**What you are asked to do**
The material below contains a line with "11月20日下午,许可证局举" and a line with "市場に出ることのなかったきゅ". Copy exactly those two lines and all lines between them.

[Opening Material shown section]

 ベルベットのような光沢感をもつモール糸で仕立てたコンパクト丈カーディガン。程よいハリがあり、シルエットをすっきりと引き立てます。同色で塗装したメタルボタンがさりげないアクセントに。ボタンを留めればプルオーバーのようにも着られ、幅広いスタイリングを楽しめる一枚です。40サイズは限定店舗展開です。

[Closing Material shown section]
[Opening Material shown section]

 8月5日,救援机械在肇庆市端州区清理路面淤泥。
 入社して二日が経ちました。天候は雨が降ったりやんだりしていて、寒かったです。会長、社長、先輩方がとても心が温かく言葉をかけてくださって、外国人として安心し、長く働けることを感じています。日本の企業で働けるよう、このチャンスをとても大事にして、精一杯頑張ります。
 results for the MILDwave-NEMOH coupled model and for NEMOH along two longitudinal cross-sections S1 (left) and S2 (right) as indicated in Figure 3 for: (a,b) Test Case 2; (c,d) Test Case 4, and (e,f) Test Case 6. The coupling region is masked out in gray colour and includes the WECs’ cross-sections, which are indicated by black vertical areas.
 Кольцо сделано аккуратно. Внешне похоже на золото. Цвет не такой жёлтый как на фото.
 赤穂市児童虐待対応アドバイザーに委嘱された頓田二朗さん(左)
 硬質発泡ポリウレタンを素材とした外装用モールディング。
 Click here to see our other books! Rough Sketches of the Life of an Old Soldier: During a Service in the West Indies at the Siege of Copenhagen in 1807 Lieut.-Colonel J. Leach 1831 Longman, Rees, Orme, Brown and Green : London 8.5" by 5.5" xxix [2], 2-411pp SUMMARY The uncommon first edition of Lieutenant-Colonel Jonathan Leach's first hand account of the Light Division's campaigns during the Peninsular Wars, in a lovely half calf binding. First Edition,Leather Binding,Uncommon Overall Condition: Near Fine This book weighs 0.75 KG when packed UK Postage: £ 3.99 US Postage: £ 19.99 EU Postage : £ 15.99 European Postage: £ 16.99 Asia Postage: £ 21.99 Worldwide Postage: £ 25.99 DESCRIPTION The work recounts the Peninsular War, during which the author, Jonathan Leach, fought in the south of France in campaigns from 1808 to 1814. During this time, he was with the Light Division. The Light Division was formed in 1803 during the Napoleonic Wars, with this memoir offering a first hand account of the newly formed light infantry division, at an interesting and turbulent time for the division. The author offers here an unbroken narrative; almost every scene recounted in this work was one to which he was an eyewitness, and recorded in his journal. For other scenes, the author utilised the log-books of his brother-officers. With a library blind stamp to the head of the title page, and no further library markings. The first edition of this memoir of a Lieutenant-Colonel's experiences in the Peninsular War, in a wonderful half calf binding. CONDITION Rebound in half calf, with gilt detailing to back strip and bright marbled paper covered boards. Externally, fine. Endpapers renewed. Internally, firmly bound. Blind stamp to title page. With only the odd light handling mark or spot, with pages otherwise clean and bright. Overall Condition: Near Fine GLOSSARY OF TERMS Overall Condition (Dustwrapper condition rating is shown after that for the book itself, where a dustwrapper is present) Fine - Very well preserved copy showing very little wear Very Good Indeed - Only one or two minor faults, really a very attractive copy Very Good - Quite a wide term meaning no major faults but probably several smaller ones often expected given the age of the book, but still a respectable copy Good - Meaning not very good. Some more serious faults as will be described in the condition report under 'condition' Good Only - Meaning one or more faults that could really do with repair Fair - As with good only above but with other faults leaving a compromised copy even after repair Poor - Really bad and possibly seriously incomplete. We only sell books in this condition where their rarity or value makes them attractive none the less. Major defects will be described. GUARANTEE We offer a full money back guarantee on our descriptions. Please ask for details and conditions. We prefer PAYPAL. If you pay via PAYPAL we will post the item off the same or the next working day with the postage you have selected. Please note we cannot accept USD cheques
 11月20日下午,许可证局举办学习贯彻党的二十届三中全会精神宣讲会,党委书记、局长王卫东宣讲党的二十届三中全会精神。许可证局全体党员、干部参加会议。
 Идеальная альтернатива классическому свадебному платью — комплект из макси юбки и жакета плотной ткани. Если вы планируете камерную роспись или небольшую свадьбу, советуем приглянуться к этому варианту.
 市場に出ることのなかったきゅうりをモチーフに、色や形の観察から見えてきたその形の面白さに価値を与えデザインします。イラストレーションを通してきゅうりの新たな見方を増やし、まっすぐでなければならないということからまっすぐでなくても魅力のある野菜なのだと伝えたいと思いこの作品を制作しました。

[Closing Material shown section]
[Opening Material shown section]

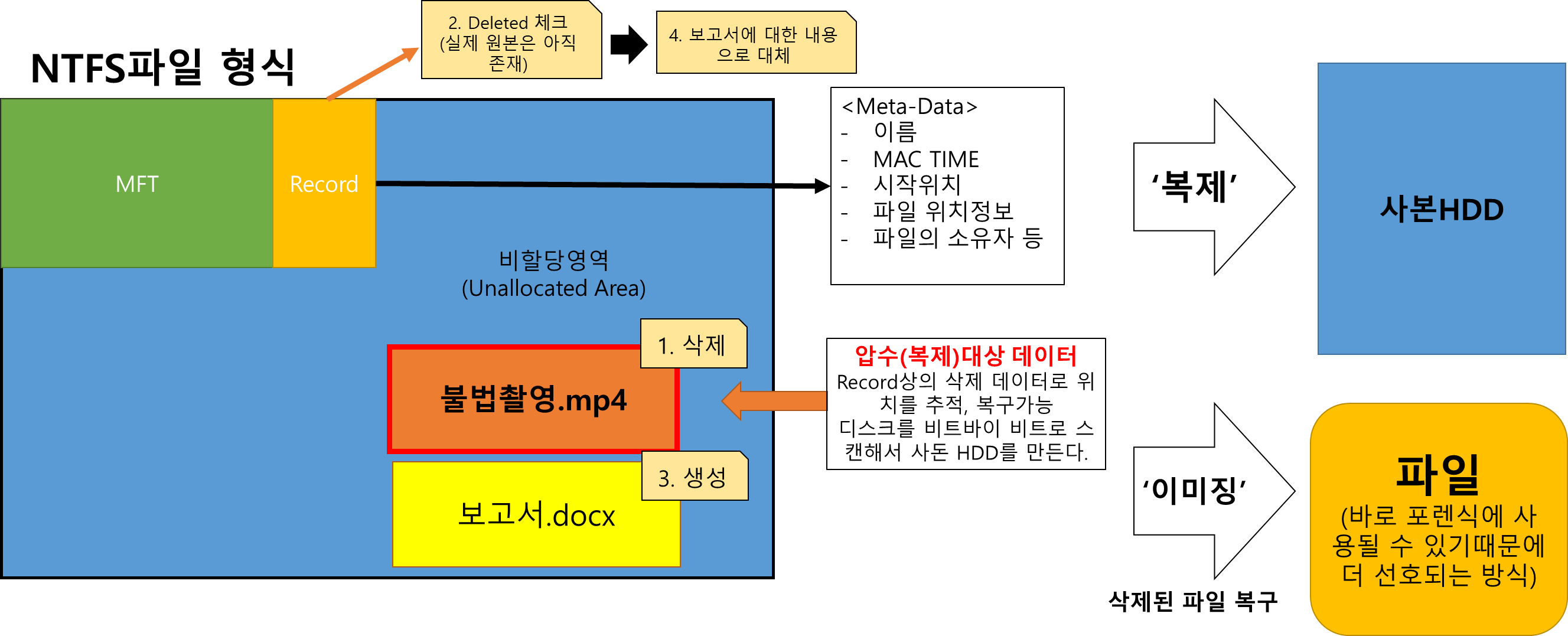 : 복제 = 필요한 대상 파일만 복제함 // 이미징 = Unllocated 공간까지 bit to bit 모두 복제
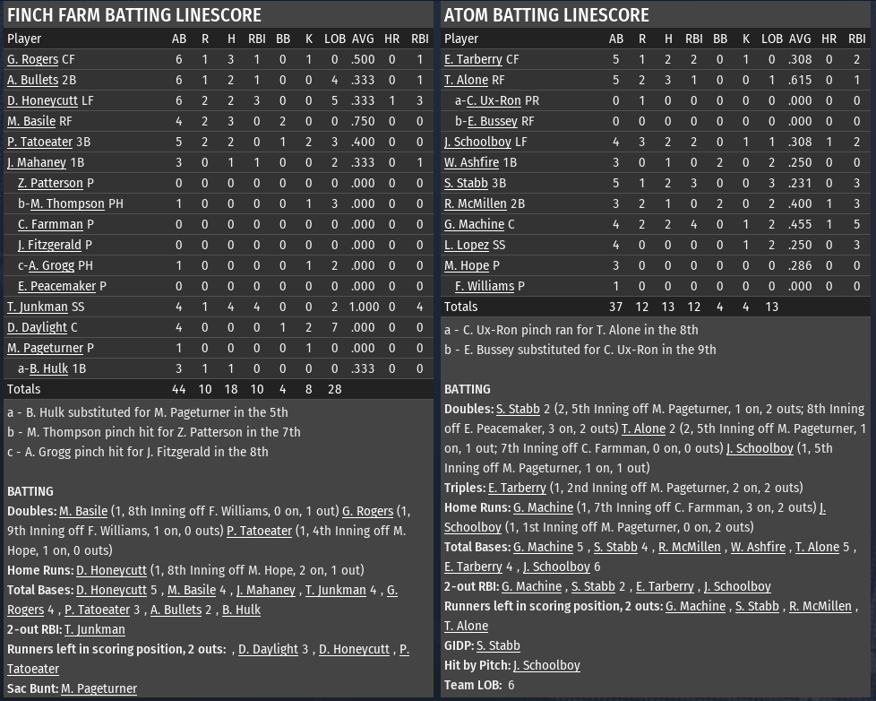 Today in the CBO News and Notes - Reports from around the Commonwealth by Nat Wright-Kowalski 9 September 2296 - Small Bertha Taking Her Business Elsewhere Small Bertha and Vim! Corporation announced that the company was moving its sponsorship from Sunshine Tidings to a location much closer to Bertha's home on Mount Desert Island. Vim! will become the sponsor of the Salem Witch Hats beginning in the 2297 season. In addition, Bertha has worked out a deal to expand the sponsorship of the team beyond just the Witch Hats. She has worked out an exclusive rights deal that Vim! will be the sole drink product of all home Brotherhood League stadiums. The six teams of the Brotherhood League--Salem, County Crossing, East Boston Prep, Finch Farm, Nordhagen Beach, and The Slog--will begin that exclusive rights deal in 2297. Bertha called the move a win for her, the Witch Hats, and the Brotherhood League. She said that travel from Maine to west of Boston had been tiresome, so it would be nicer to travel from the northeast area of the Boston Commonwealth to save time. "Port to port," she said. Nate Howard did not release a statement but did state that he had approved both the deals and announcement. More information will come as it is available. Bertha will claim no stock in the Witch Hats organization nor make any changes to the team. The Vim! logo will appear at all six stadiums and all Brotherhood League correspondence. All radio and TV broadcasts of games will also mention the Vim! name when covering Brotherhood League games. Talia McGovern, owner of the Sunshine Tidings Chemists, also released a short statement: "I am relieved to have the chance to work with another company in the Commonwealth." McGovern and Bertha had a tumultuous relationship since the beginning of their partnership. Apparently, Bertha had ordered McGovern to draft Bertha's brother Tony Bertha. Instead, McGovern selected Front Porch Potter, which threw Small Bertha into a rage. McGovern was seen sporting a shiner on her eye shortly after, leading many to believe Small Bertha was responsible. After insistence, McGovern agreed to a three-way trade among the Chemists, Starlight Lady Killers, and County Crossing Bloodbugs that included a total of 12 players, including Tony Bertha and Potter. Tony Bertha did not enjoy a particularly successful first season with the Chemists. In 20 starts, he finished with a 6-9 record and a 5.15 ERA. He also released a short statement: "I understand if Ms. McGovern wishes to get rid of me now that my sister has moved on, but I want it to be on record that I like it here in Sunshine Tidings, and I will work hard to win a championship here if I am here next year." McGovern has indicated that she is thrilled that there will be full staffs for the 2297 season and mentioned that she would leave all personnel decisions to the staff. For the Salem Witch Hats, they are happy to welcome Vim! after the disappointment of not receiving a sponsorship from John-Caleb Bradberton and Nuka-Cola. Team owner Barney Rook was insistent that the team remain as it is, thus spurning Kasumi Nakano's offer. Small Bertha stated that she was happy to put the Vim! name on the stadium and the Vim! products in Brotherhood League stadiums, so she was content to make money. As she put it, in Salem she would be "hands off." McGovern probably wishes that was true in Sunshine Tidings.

[Closing Material shown section]

**Answer box**
 11月20日下午,许可证局举办学习贯彻党的二十届三中全会精神宣讲会,党委书记、局长王卫东宣讲党的二十届三中全会精神。许可证局全体党员、干部参加会议。
 Идеальная альтернатива классическому свадебному платью — комплект из макси юбки и жакета плотной ткани. Если вы планируете камерную роспись или небольшую свадьбу, советуем приглянуться к этому варианту.
 市場に出ることのなかったきゅうりをモチーフに、色や形の観察から見えてきたその形の面白さに価値を与えデザインします。イラストレーションを通してきゅうりの新たな見方を増やし、まっすぐでなければならないということからまっすぐでなくても魅力のある野菜なのだと伝えたいと思いこの作品を制作しました。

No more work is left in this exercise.